5 minute read

Les saveurs de la Vallée sacrée

Next Article
Hawaii, autrement

Hawaii, autrement

Dans les hauteurs des Andes péruviennes se niche un restaurant où des chefs étoilés relancent, encouragent et préservent les pratiques traditionnelles avec innovation.

Photos par Ben Sklar, texte par Claire Sibonney

On ne vient pas à Moray par hasard. Ben Sklar, photographe, a cheminé au gré de paysages bordés de montagnes enneigées et ponctués de villages quechuas. Le site isolé niché dans les Andes est à une cinquantaine de kilomètres au nord-ouest de Cuzco, à 3 500 mètres d’altitude. Sa quête au cœur de la Vallée sacrée? Les ruines séculaires de Moray, d’anciennes terrasses circulaires de pratiques agricoles, et Mil, une expérience culinaire qui fait le pont entre ce vestige de l’ingéniosité inca et les temps modernes.

Des herbes cueillies suspendues pour sécher.

Derrière Mil se cachent Virgilio Martínez et Pía León, les visionnaires culinaires créateurs du Central à Lima, en tête de liste des 50 meilleurs restaurants du monde en 2023. Il y a aussi Malena Martínez (la sœur de Virgilio), scientifique et directrice de Mater Iniciativa, l’organe de recherche du groupe de restaurants. Pour cette équipe, exposer les convives aux écosystèmes qui entourent Mil est tout aussi important que servir les huit plats du menu de dégustation. « Nous voulons que les gens s’imprègnent du monde des Andes. Ils doivent donc comprendre ce qui les entoure et cette culture entièrement liée à l’environnement », explique Malena.

L’architecture de Mil s’intègre parfaitement à son environnement.

Le plat de maïs de Mil, composé de piscoronto, de chullpi et de maïs blanc, accompagné de queso fresco. Mil’s Corn dish, featuring piscoronto, chullpi and white corn, along with queso fresco.

Les ruines séculaires de Moray.

Au centre de recherche de Mil, Mater Iniciativa (photo ci-dessus), Malena dirige des projets qui associent des savoir-faire ancestraux à des techniques visant à révolutionner la durabilité alimentaire, notamment en renouant avec d’anciennes méthodes de conservation. L’équipe trouve aussi de nouvelles utilisations pour le cacao, l’ingrédient clé du chocolat. Plutôt que d’utiliser seulement les graines, soit environ 15 % du fruit, elle s’ingénie à utiliser la membrane, le mucilage, la peau des graines et la cabosse entière.

Une sélection de feuilles et pétales sont utilisés dans les plats de Mil.

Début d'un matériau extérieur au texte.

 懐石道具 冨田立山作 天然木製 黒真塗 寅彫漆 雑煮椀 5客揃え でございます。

En outre, le projet Anccoto lancé au printemps se concentrera sur l’éducation et la nutrition des enfants du village de Maras. Mil travaille en collaboration avec les communautés voisines, appliquant l’ayni, le concept andin de réciprocité : la récolte est distribuée en parts égales pour approvisionner Mil et les personnes qui travaillent la terre. « Nous allons audelà du court terme vers un développement durable », souligne Malena.

La route vers Mil et les ruines de Moray, à 3 500 mètres au-dessus du niveau de la mer dans la région de la Vallée sacrée des Andes.

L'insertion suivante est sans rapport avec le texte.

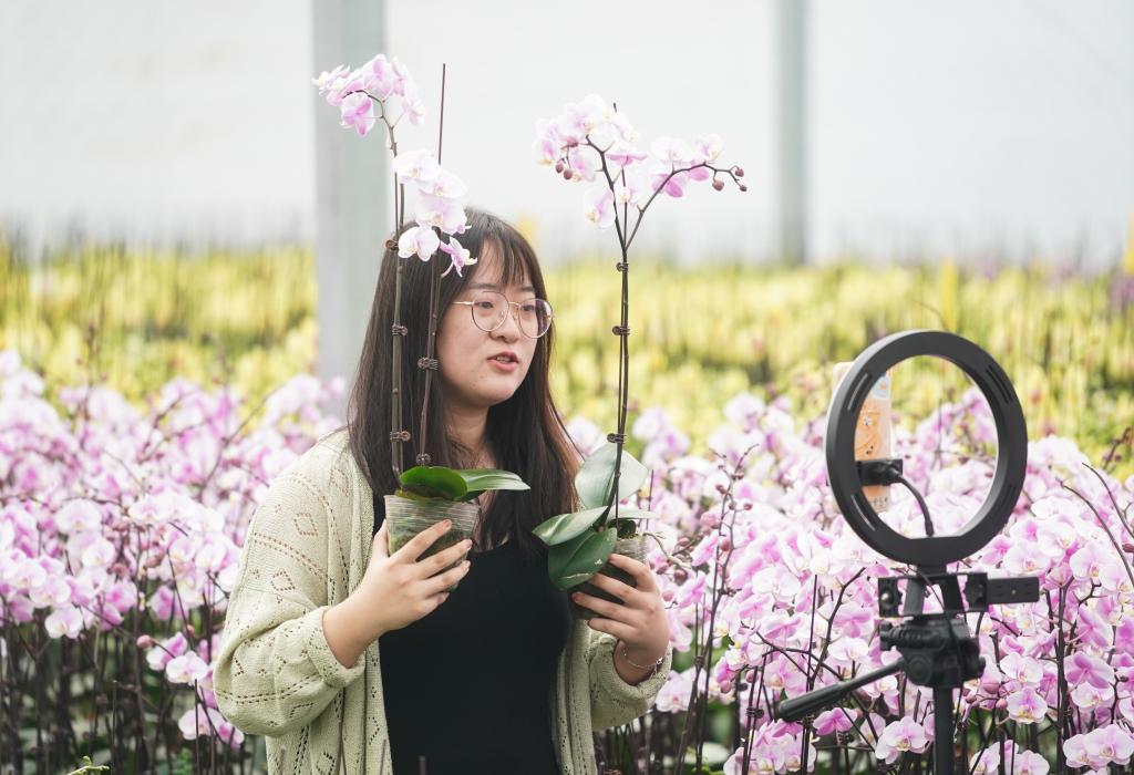 2023年9月9日,江苏省宿迁市王官集镇蝴蝶兰大世界大棚内正在进行网络直播销售。新华社记者季春鹏 摄

À l’instar du Central, Mil se concentre sur les ingrédients propres au Pérou et aux Andes, mais pousse le concept au sommet. Tout ce qui figure sur le menu de dégustation provient des montagnes, à une altitude minimale de 3 000 mètres. Même un ingrédient typique du niveau de la mer, comme le sel, est récolté à environ 3 200 mètres d’altitude dans les mines de sel de Maras, créées à l’époque précolombienne et toujours utilisées par les communautés de Maras et de Pichingoto.

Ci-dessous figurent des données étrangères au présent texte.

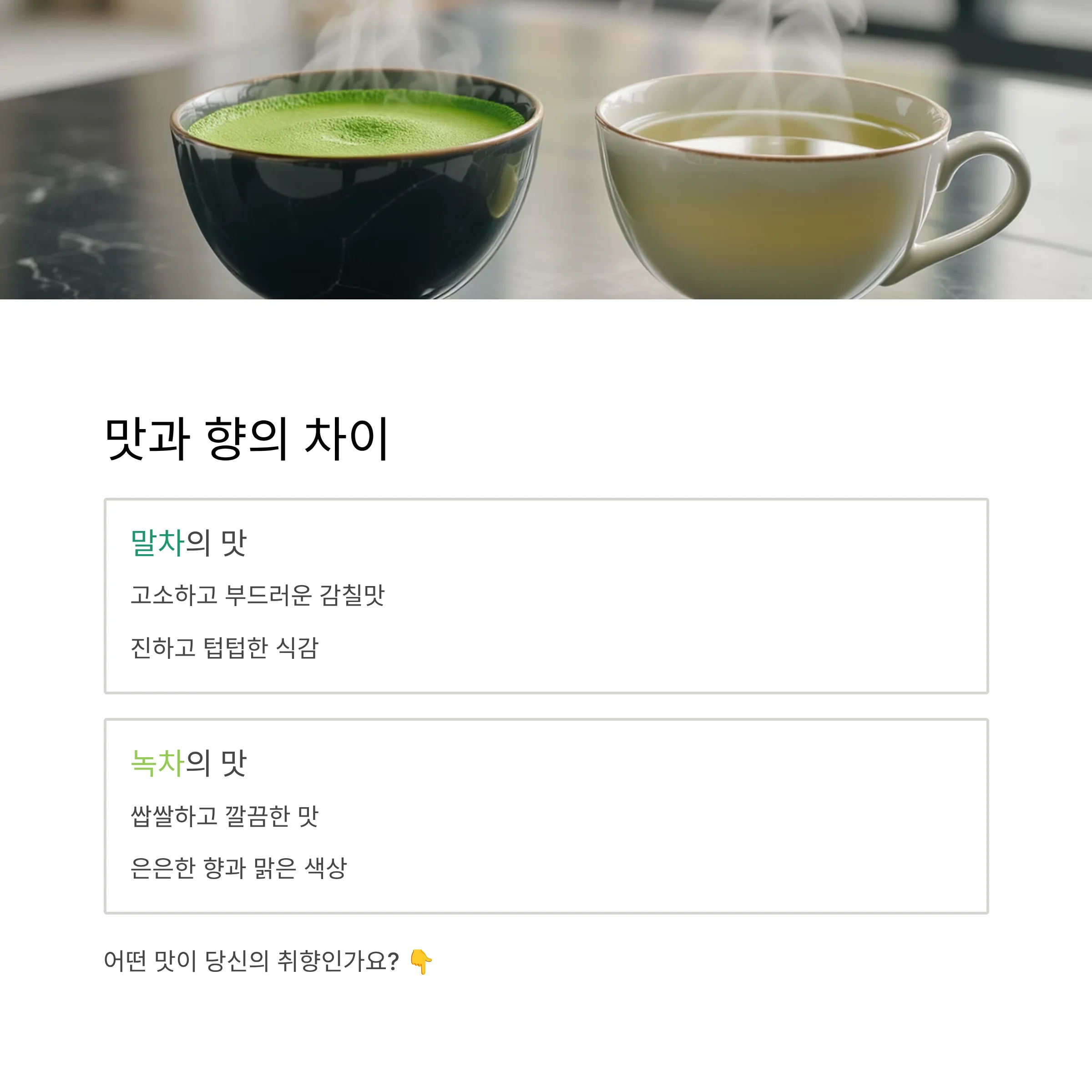 맛과 향, 말차는 부드럽고 녹차는 깔끔하다

Un artisan tisse avec des fils teints naturellement; un agriculteur récolte des plantes dans un lac près d’Urquillos.
Des plantes ramassées à la main sèchent à Mater.
Un agriculteur récolte des plantes dans un lac près d'Urquillos.
Le temple inca de Wiracocha.

L’expérience Mil Immersion invite les clients à visiter les terres agricoles, rechercher des plantes avec un expert local et découvrir le laboratoire de Mater avant de passer à table. Chaque plat illustre l’un des écosystèmes autour de Mil, et on compte parmi les ingrédients plusieurs variétés de maïs, de pommes de terre et d’autres tubercules.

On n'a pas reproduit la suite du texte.